ACLU of Pennsylvania Asks For Moratorium on Executions

April 22, 2003 12:00 am

ACLU Affiliate
ACLU of Pennsylvania
Media Contact
125 Broad Street
18th Floor
New York, NY 10004
United States

Statement of Larry Frankel, Legislative Director
ACLU of Pennsylvania

FOR IMMEDIATE RELEASE

PHILADELPHIA – In light of recently introduced legislation and the findings of a state Supreme Court Committee report, the American Civil Liberties Union of Pennsylvania today calls on Pennsylvania to enact a death penalty moratorium until serious systemic problems have been addressed.

We urge Governor Edward Rendell and the Pennsylvania General Assembly to take the necessary steps to implement a temporary freeze on executions and address the glaring deficiencies in Pennsylvania’s criminal justice system.

One step would be passing Senate Bill 14, introduced recently by Senator Edward Helfrick (R-Northumberland County), and House Bill 766, introduced by Representative John Myers (D-Philadelphia), which would implement a temporary freeze on executions in Pennsylvania.

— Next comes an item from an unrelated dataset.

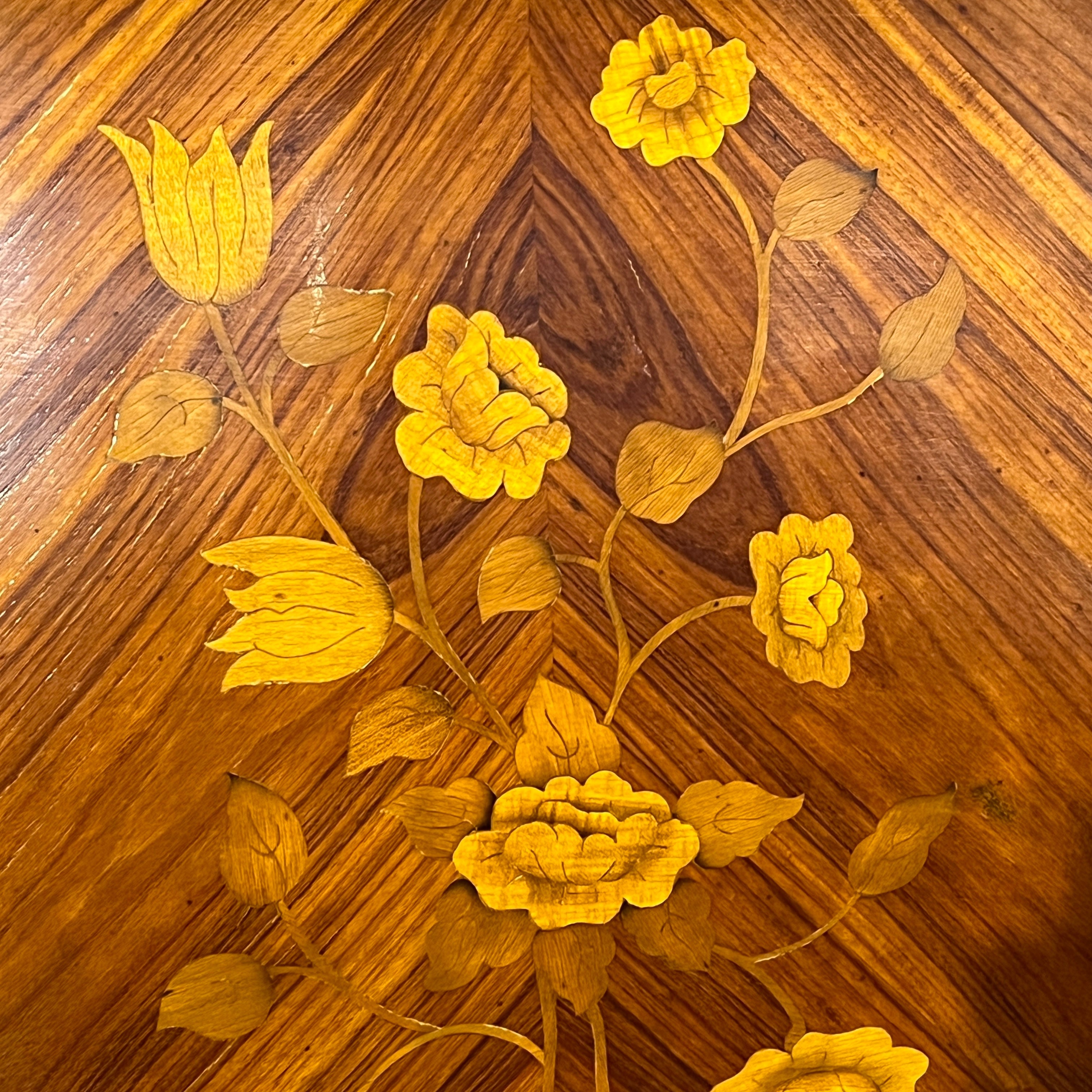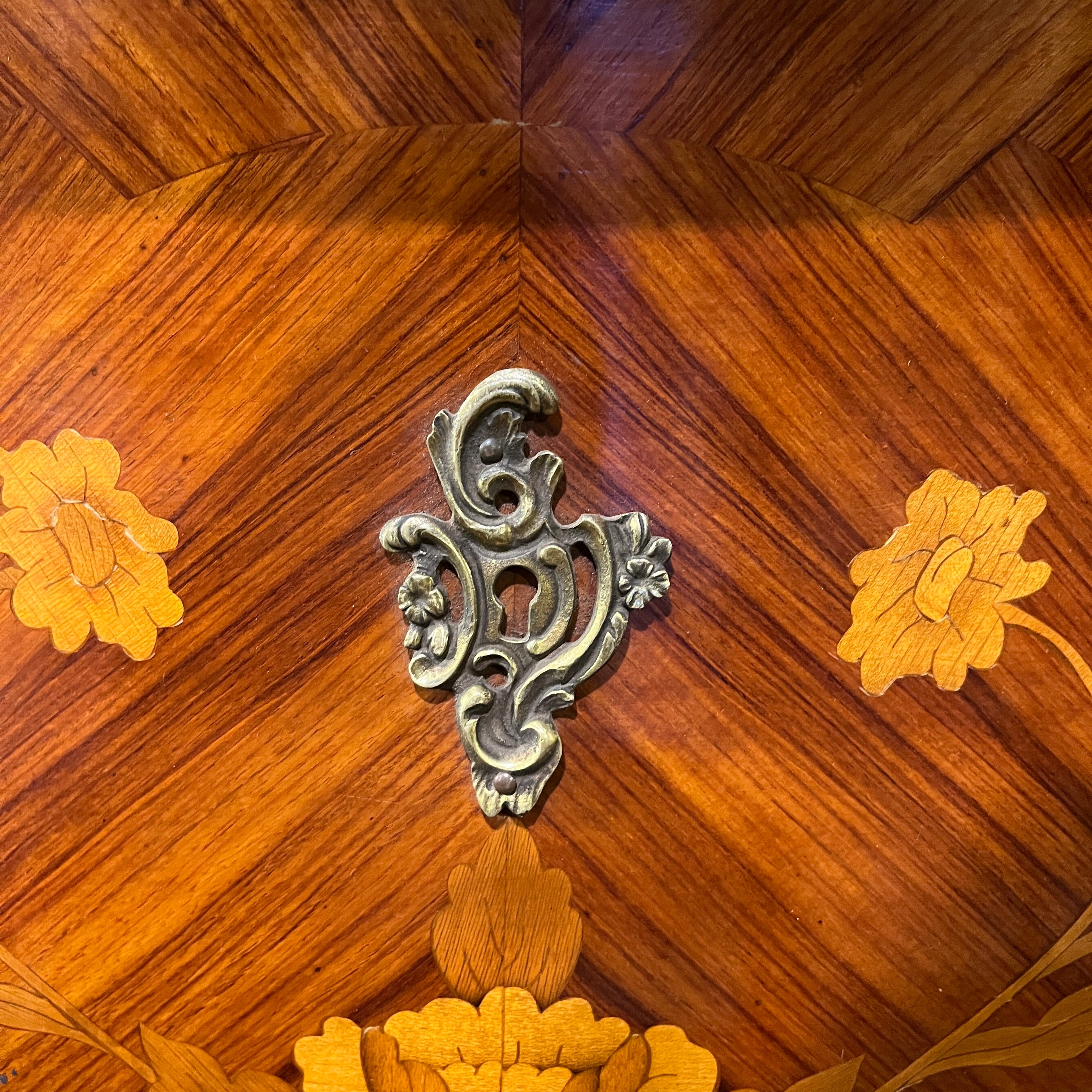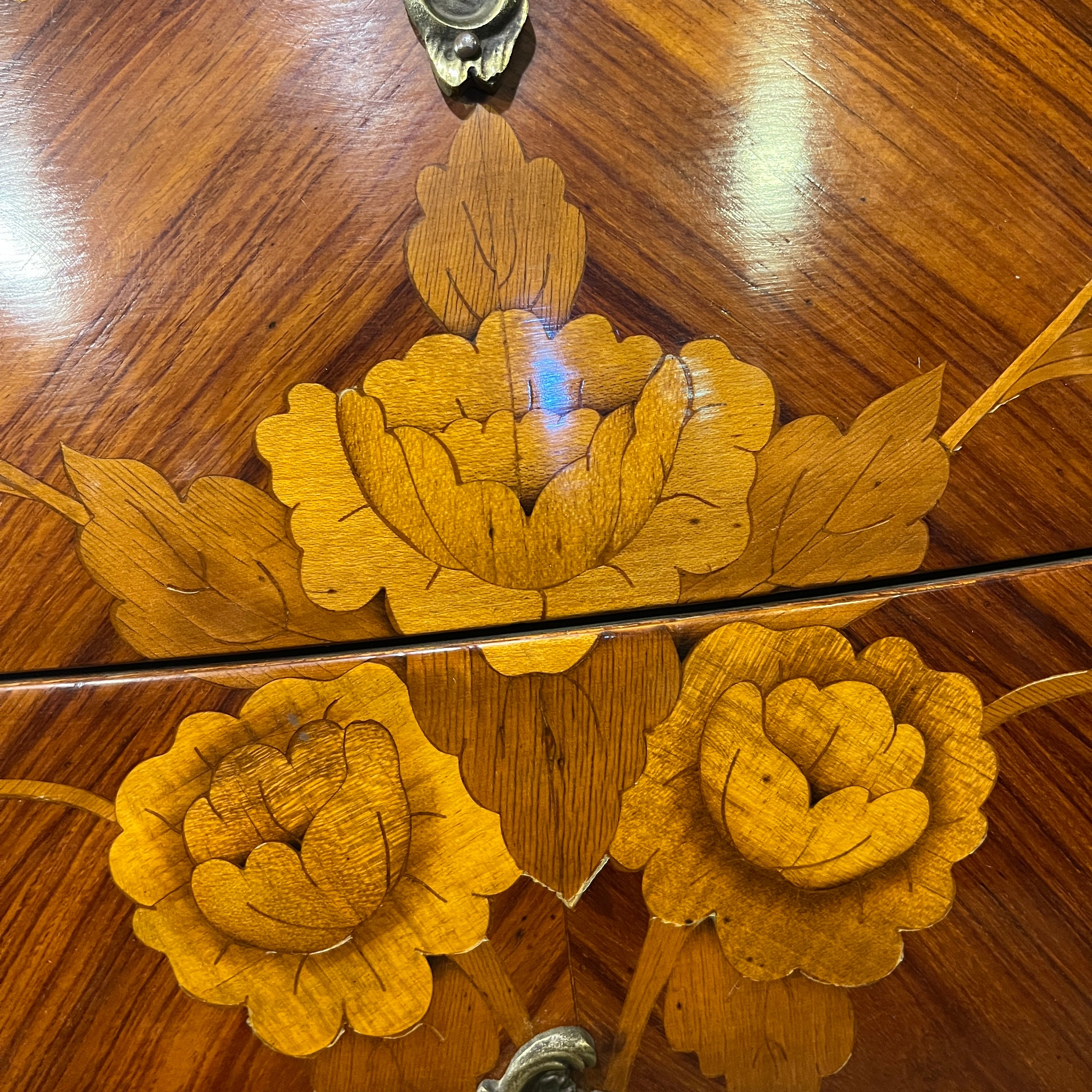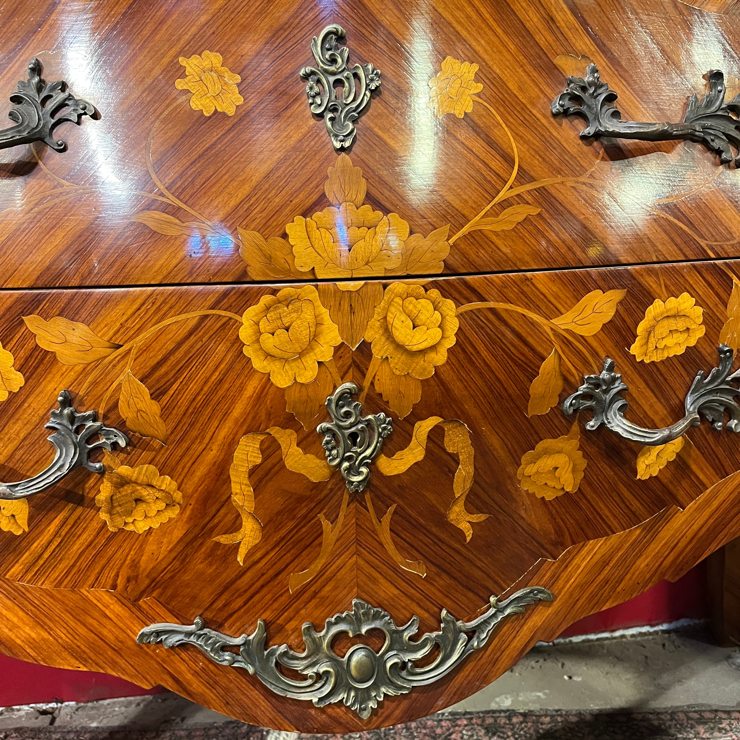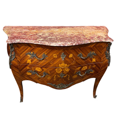 Cómoda Luis XV bombé marquetería floral y mármol rosa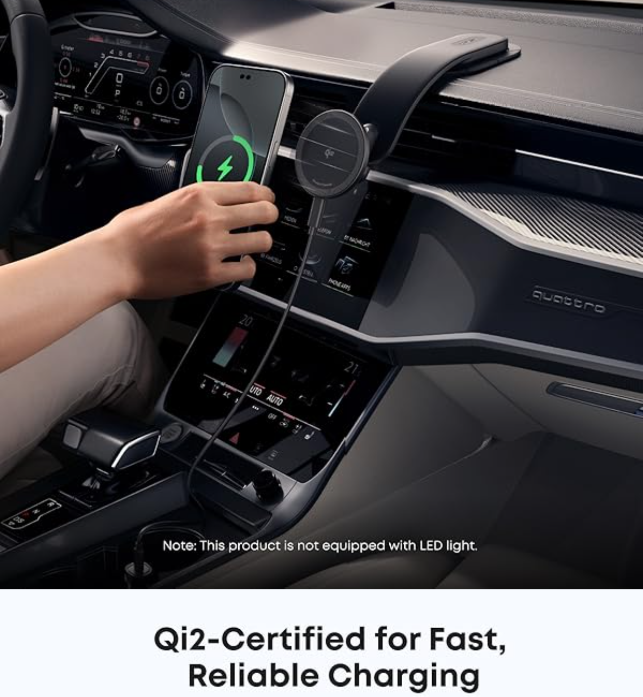Snap your phone to the car charger and enjoy rapid 15W wireless charging. Quickly boost your iPhone 16 Pro to 20% in just 16 minutes.

Whether one supports or opposes the death penalty it is necessary that our elected officials recognize the magnitude of the problems plaguing our state’s death penalty system. Like the rest of the country, Pennsylvania has made mistakes. Of the 107 innocent people from all across the country who have been exonerated since 1977, four were from Pennsylvania.

More than 50 defendants on death row in Pennsylvania have been granted new trials or sentencing hearings because of fatal flaws in their cases. Since the beginning of this year alone, Philadelphia courts have granted three new trials and overturned four other death sentences. Within the last two weeks, a defendant in Philadelphia County and one in Lehigh County have been sentenced to life at re-sentencing hearings after significant errors were found in the original trials that resulted in death sentences.

The wrongful convictions of dozens of innocent people show how much the credibility of our criminal justice system has been compromised by the use of: false or mistaken testimony, prosecutorial misconduct, police misconduct, faulty expert testimony and jailhouse snitches. Ineffective and incompetent defense lawyers have also done more than their fair share to contribute to these miscarriages of justice.

Many of these problems were identified in the recent report of the Pennsylvania Supreme Court Committee on Racial and Gender Bias in the Justice System. Along with identifying disturbing problems in Pennsylvania’s indigent defense system, the Committee also found that there was a compelling need to investigate the impact of the race of the defendant and the race of the victim in determining who gets sentenced to death. Because of these findings, the Committee called for a moratorium on the death penalty that should continue until the death penalty can be implemented fairly and impartially.

Additionally, more than 20 individuals on Pennsylvania’s death row have been identified as persons with mental retardation. Those individuals are not eligible for execution under the United States Supreme Court’s decision in Atkins v. Virginia, which held that it is unconstitutional to execute a person with mental retardation. The General Assembly has failed to enact legislation to bring Pennsylvania law into compliance with that decision. Executions should not proceed until this serious problem is addressed.

The ACLU of Pennsylvania agrees with the Committee on Racial and Gender Bias. We believe that there is overwhelming evidence that cries out for the enactment of a death penalty moratorium. We urge Governor Rendell and the Pennsylvania General Assembly to do justice by calling a halt to executions and taking a fresh look at the death penalty. A system that makes so many mistakes not only shames us but also fails to protect us.